In May 28 articles about the political "battle" over the Supreme Court nomination of Judge Sonia Sotomayor, both The Washington Post and The Wall Street Journal omitted the context for remarks Sotomayor made in 2001 about "Latina" and "white male" judges that conservatives have criticized, even though both articles included a response from the White House saying Sotomayor's comments are being taken "out of context." In addition, the Post omitted the context of comments Sotomayor made in 2005 about the role of appellate judges in making policy. As Media Matters for America has documented, the media have widely misrepresented both Sotomayor's 2001 and 2005 comments.

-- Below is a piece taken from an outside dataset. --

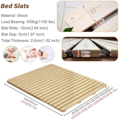 Are you seeking a stylish yet functional bed frame to enhance your sleep quality? Our minimalist wooden bed slats are expertly designed to offer the ideal balance of comfort and support, ensuring you enjoy a restful night’s sleep free from annoying noises. Crafted from durable pine wood, these bed slats can support up to 500kg (1100 lbs), making them a reliable choice for various mattress types. Key features include slats measuring 10cm (3.94 inches) wide with a spacing of 5cm (1.97 inches) and a thickness of 2.6cm (1.02 inches). This design not only provides ample support but also promotes air circulation to keep your mattress fresh and comfortable. Benefits of our wooden bed slats: - Thickened anti-skid pads create a stable and quiet foundation for your mattress, allowing for uninterrupted movement. - Ideal for replacing broken or damaged slats, they help prevent mattress sagging while extending the lifespan of your bedding. - Rounded edges and corners enhance safety, making them suitable for all family members, including children and seniors. - Their versatile design fits perfectly in lofts, low-clearance, or sloped ceiling bedrooms, maximizing your available space. - Easy to store, our slats can be rolled up and folded, offering convenience for those who need to save space. Installation is straightforward, with evenly spaced slats secured by fabric banding, allowing for quick and effortless setup. Package includes: 1× Wooden Bed Slat (Bed Frame Not Included). Please note: - A slight odor may be present initially but will dissipate within a few days. - Confirm the size of the slats before purchasing, as there may be a minor size deviation of 1-3cm due to manual measurement. Elevate your sleep experience with our high-quality wooden bed slats and enjoy a more comfortable, rejuvenating night's rest.

The Post reported that "conservatives have seized upon Sotomayor's unscripted moments to make the case that she is outside the mainstream. The two most often quoted are a statement she made about how appellate judges make policy and her observation about how being a Latina affects her role as a judge: 'I would hope that a wise Latina woman with the richness of her experience would more often than not reach a better conclusion than a white male who hasn't lived that life.' " Similarly, the Journal reported, "Conservatives are focusing on a speech Ms. Sotomayor delivered at the University of California at Berkeley law school, where she said, 'I would hope that a wise Latina woman with the richness of her experiences would more often than not reach a better conclusion than a white male who hasn't lived that life.' " Both reports included the White House's statement that the remarks are "being taken out of context," and repeated former House Speaker Newt Gingrich's (R-GA) assertion regarding Sotomayor's "wise Latina" comment that "[n]ew racism is no better than old racism." In fact, when Sotomayor made the "wise Latina" remark, she was specifically discussing the importance of judicial diversity in determining "race and sex discrimination cases."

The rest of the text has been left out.